*Task brief*.
Exclude all images and print the entries below exactly.

==== Exercise input

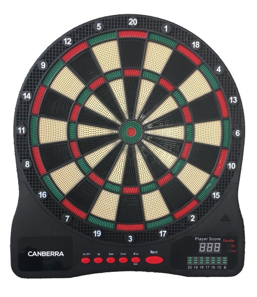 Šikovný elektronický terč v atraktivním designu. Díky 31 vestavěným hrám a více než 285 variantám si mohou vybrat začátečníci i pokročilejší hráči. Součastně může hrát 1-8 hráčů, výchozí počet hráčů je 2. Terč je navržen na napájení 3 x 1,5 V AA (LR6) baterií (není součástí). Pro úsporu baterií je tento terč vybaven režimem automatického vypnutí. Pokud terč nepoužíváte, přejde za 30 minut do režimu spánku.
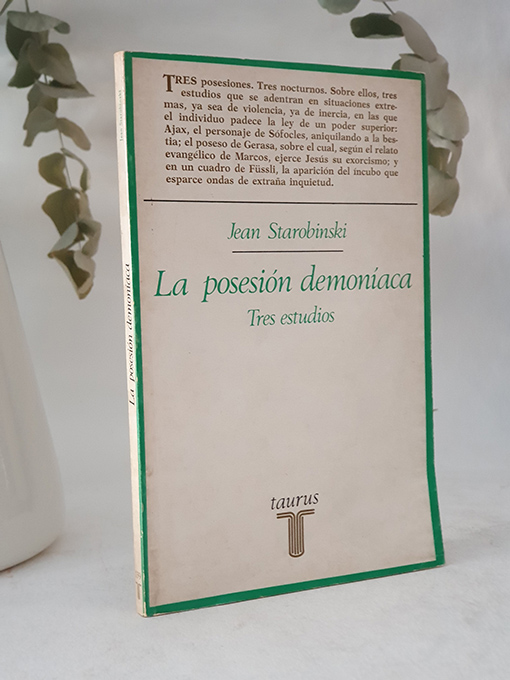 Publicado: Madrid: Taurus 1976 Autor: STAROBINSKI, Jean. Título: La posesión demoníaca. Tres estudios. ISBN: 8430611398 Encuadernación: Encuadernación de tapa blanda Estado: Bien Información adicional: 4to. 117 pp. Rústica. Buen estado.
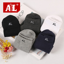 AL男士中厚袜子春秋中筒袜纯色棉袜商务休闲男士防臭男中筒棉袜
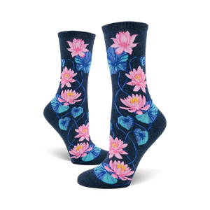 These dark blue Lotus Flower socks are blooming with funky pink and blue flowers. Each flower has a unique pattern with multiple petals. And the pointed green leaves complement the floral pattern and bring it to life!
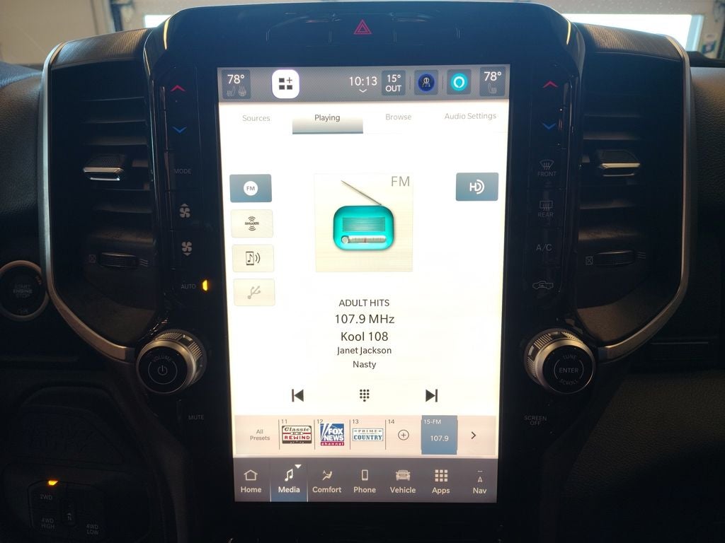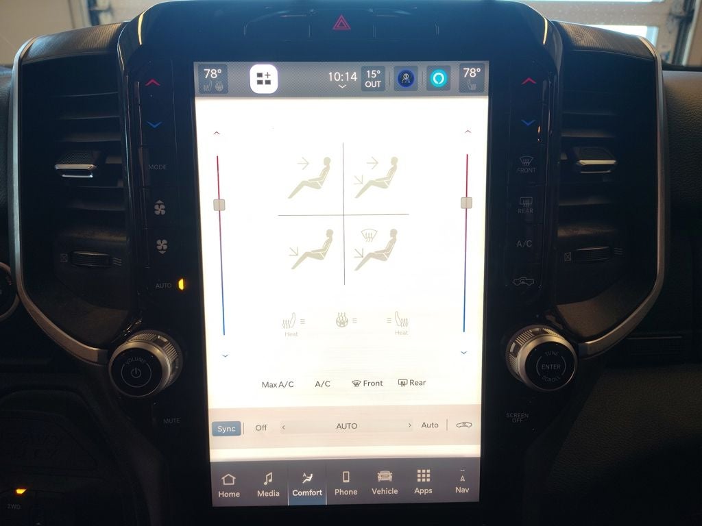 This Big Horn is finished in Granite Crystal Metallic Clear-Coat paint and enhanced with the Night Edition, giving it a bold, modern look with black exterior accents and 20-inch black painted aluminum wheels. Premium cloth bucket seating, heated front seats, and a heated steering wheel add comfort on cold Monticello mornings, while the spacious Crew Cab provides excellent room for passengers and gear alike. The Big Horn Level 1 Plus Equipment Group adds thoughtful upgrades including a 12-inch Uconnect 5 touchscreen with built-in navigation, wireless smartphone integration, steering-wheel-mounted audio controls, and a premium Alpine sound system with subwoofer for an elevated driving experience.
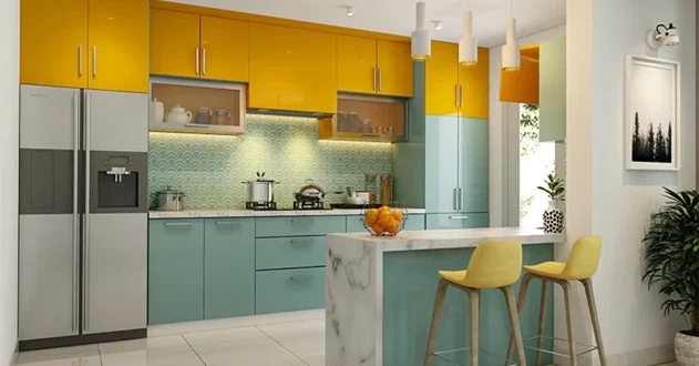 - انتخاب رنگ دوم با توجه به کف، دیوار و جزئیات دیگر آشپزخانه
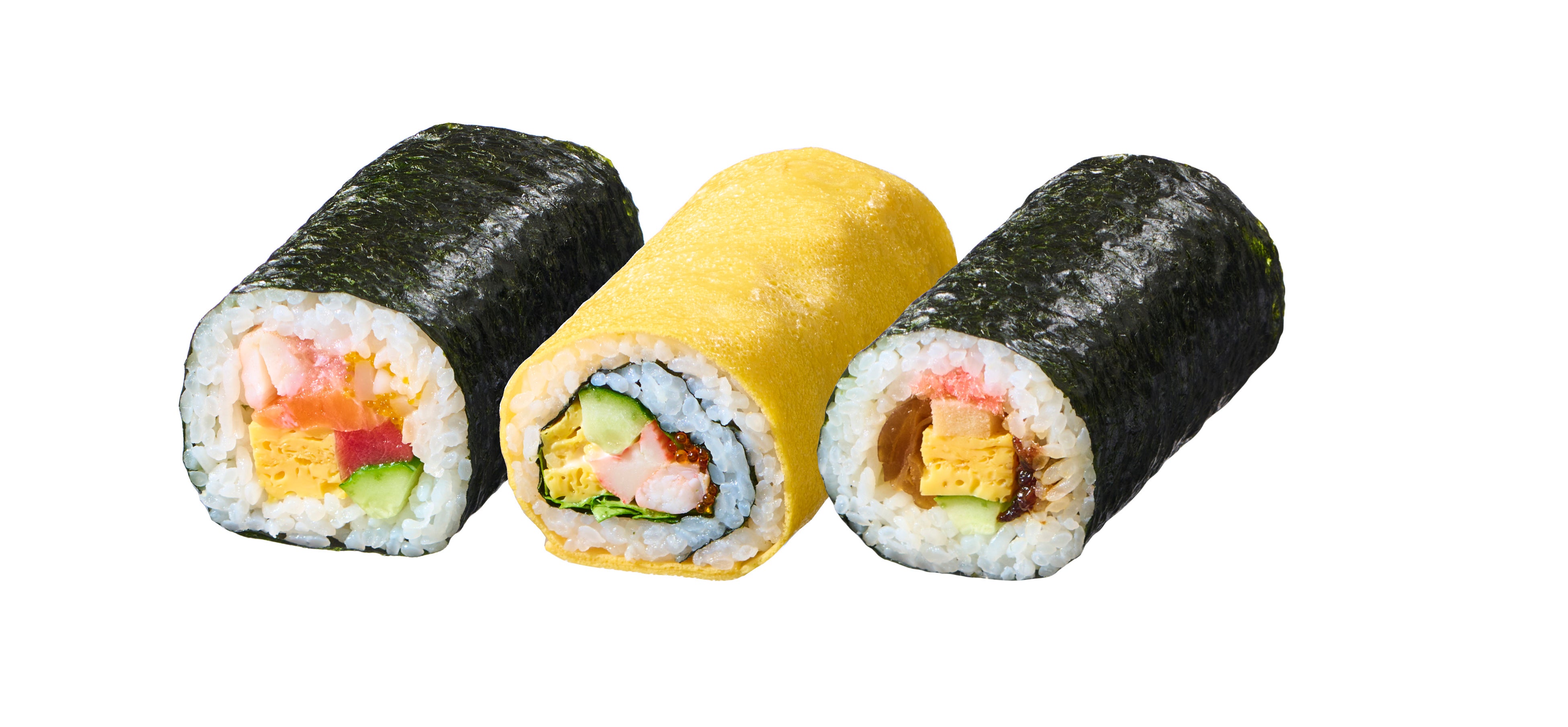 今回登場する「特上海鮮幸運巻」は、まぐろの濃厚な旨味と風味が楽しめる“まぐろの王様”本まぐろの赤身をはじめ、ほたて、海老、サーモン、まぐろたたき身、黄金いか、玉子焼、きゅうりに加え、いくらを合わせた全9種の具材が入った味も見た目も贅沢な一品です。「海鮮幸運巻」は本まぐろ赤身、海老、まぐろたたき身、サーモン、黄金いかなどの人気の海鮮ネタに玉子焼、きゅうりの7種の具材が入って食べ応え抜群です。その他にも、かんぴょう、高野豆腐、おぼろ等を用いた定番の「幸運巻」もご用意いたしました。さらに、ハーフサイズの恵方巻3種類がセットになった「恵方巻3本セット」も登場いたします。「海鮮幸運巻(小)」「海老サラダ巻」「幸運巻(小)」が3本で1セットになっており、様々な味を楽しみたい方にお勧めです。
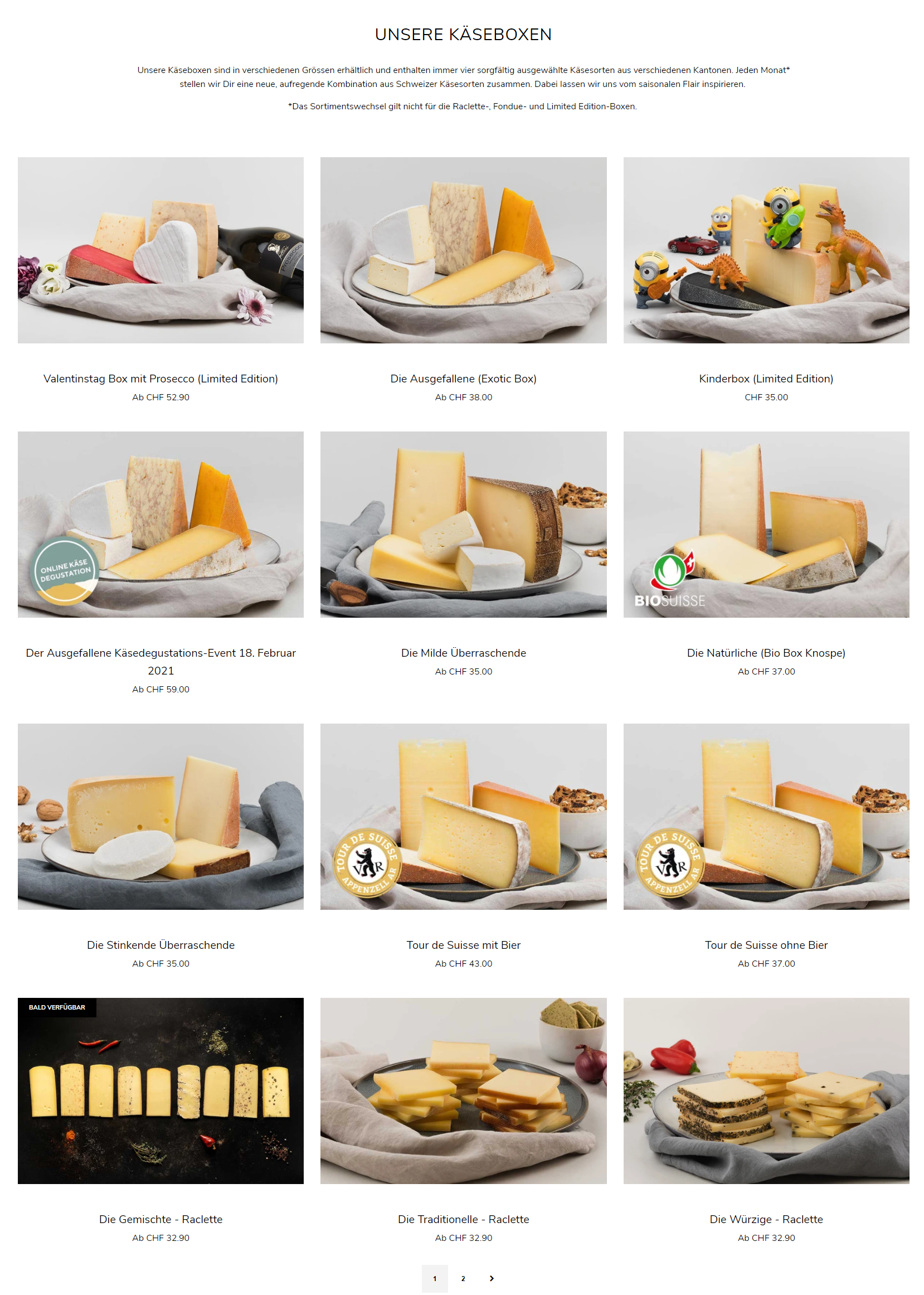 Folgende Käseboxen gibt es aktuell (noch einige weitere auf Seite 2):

========

*Exercise output*.
 Šikovný elektronický terč v atraktivním designu. Díky 31 vestavěným hrám a více než 285 variantám si mohou vybrat začátečníci i pokročilejší hráči. Součastně může hrát 1-8 hráčů, výchozí počet hráčů je 2. Terč je navržen na napájení 3 x 1,5 V AA (LR6) baterií (není součástí). Pro úsporu baterií je tento terč vybaven režimem automatického vypnutí. Pokud terč nepoužíváte, přejde za 30 minut do režimu spánku.
 Publicado: Madrid: Taurus 1976 Autor: STAROBINSKI, Jean. Título: La posesión demoníaca. Tres estudios. ISBN: 8430611398 Encuadernación: Encuadernación de tapa blanda Estado: Bien Información adicional: 4to. 117 pp. Rústica. Buen estado.
 AL男士中厚袜子春秋中筒袜纯色棉袜商务休闲男士防臭男中筒棉袜
 These dark blue Lotus Flower socks are blooming with funky pink and blue flowers. Each flower has a unique pattern with multiple petals. And the pointed green leaves complement the floral pattern and bring it to life!
 This Big Horn is finished in Granite Crystal Metallic Clear-Coat paint and enhanced with the Night Edition, giving it a bold, modern look with black exterior accents and 20-inch black painted aluminum wheels. Premium cloth bucket seating, heated front seats, and a heated steering wheel add comfort on cold Monticello mornings, while the spacious Crew Cab provides excellent room for passengers and gear alike. The Big Horn Level 1 Plus Equipment Group adds thoughtful upgrades including a 12-inch Uconnect 5 touchscreen with built-in navigation, wireless smartphone integration, steering-wheel-mounted audio controls, and a premium Alpine sound system with subwoofer for an elevated driving experience.
 - انتخاب رنگ دوم با توجه به کف، دیوار و جزئیات دیگر آشپزخانه
 今回登場する「特上海鮮幸運巻」は、まぐろの濃厚な旨味と風味が楽しめる“まぐろの王様”本まぐろの赤身をはじめ、ほたて、海老、サーモン、まぐろたたき身、黄金いか、玉子焼、きゅうりに加え、いくらを合わせた全9種の具材が入った味も見た目も贅沢な一品です。「海鮮幸運巻」は本まぐろ赤身、海老、まぐろたたき身、サーモン、黄金いかなどの人気の海鮮ネタに玉子焼、きゅうりの7種の具材が入って食べ応え抜群です。その他にも、かんぴょう、高野豆腐、おぼろ等を用いた定番の「幸運巻」もご用意いたしました。さらに、ハーフサイズの恵方巻3種類がセットになった「恵方巻3本セット」も登場いたします。「海鮮幸運巻(小)」「海老サラダ巻」「幸運巻(小)」が3本で1セットになっており、様々な味を楽しみたい方にお勧めです。
 Folgende Käseboxen gibt es aktuell (noch einige weitere auf Seite 2):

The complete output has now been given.